2016 Grateful 32: Stephanie Barron

I’m not stupid. I mightn’t have the greatest mind God ever created, but I’m not stupid. I might do stupid things occasionally, and even say stupid stuff, but I’m not stupid. What I am is gullible.

I’ve stopped reposting Facebook stories because they usually turn out to be hoaxes – credible hoaxes but hoaxes nonetheless. I double-check the genre stamp on books I read to be sure that they are fiction and not true stories. And I usually ask for a second opinion in matters of any importance.

But Stephanie Barron – you got me.

I was given a series of books as a gift some time ago and am only now getting around to reading them. In the first, Barron explains how she’d been asked to edit a collection of diaries by Jane Austen that had lain undiscovered in an old manor in Maryland for years and years and years. In her Editor’s note, she writes of how she’d visited her friends, the Westmorelands,  at Dunready Manor, as they were renovating. She gives details of the renovations and the work that led to the discovery of the fragile yellowed papers penned by Jane Austen, ‘a distant relative of the Westmoreland line’. She even tells of discussions about donating the manuscripts to the Johns Hopkins University and how the Bodleian Library in Oxford was also in the running. She had me from the git-go.
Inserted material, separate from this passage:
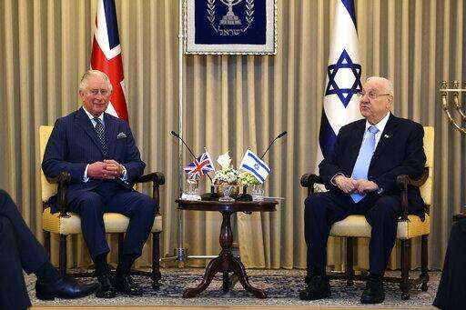 Britain's Prince Charles, center, meets with Israel President Reuven Rivlin, left, and Chief Rabbi Ephraim Mirvis at his official residence in Jerusalem, Thursday Jan. 23, 2020. Prince Charles is among dozens of presidents, heads of state and dignitaries who have descended upon the city to attend the largest-ever gathering focused on commemorating the Holocaust and combating modern-day anti-Semitism (Victoria Jones/Pool via AP)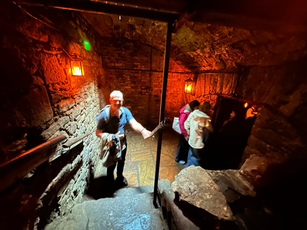 At 5pm we met up with our witch guide, Agnes, to experience the world’s most haunted city on a ghost tour and hear about the dark side of the Old Town. We were led by our witch down hidden closes and wynds (alleys – one has a gate, and one doesn’t ) off the Royal Mile and heard some of Edinburgh’s horrifying secrets. Completed in 1788, the underground vaults are a series of housed taverns, and chambers which stored illicit material, including dead bodies killed by serial killers Burke and Hare for their medical experiments.

I read the first  – Jane and the Unpleasantness at Scargrave Manor – and from the opening lines I was convinced I was reading Austen.

When a young lady of more fashion than means has the good sense to win the affection of an older gentleman, a widower of high estate and easy circumstances, it is generally observed that the match is an intelligent one on both sides…

Like Barron, I have little trouble believing that had Jane Austen been alive today, she’d be a right up with there with the best detective writers going. Her incisive brain, her wit, her independent streak, and her caustic commentary on  life all make for great observations and even greater stories. She was one smart lady.

I laughed out loud. I bookmarked. I underlined. Again and again, I marvelled at the choice of words and the wit. The Editor’s notes remind me of Jasper Fforde’s in his Thursday Next series – they both educate and enlighten. Not alone was the first book a great read and an excellent piece of detecting, it filled yet another gap in my history – the whole French/British thing of the early nineteenth century.

But Barron wasn’t editing original Austen diaries; she was channelling the words of the great lady herself. Or so she says. I don’t know what to believe any more.

So, one down. A second started. And eleven more to go. What’s not to be grateful for? If I don’t return your call or show up for lunch or dinner, I’ll be out with Jane doing a bit of detecting.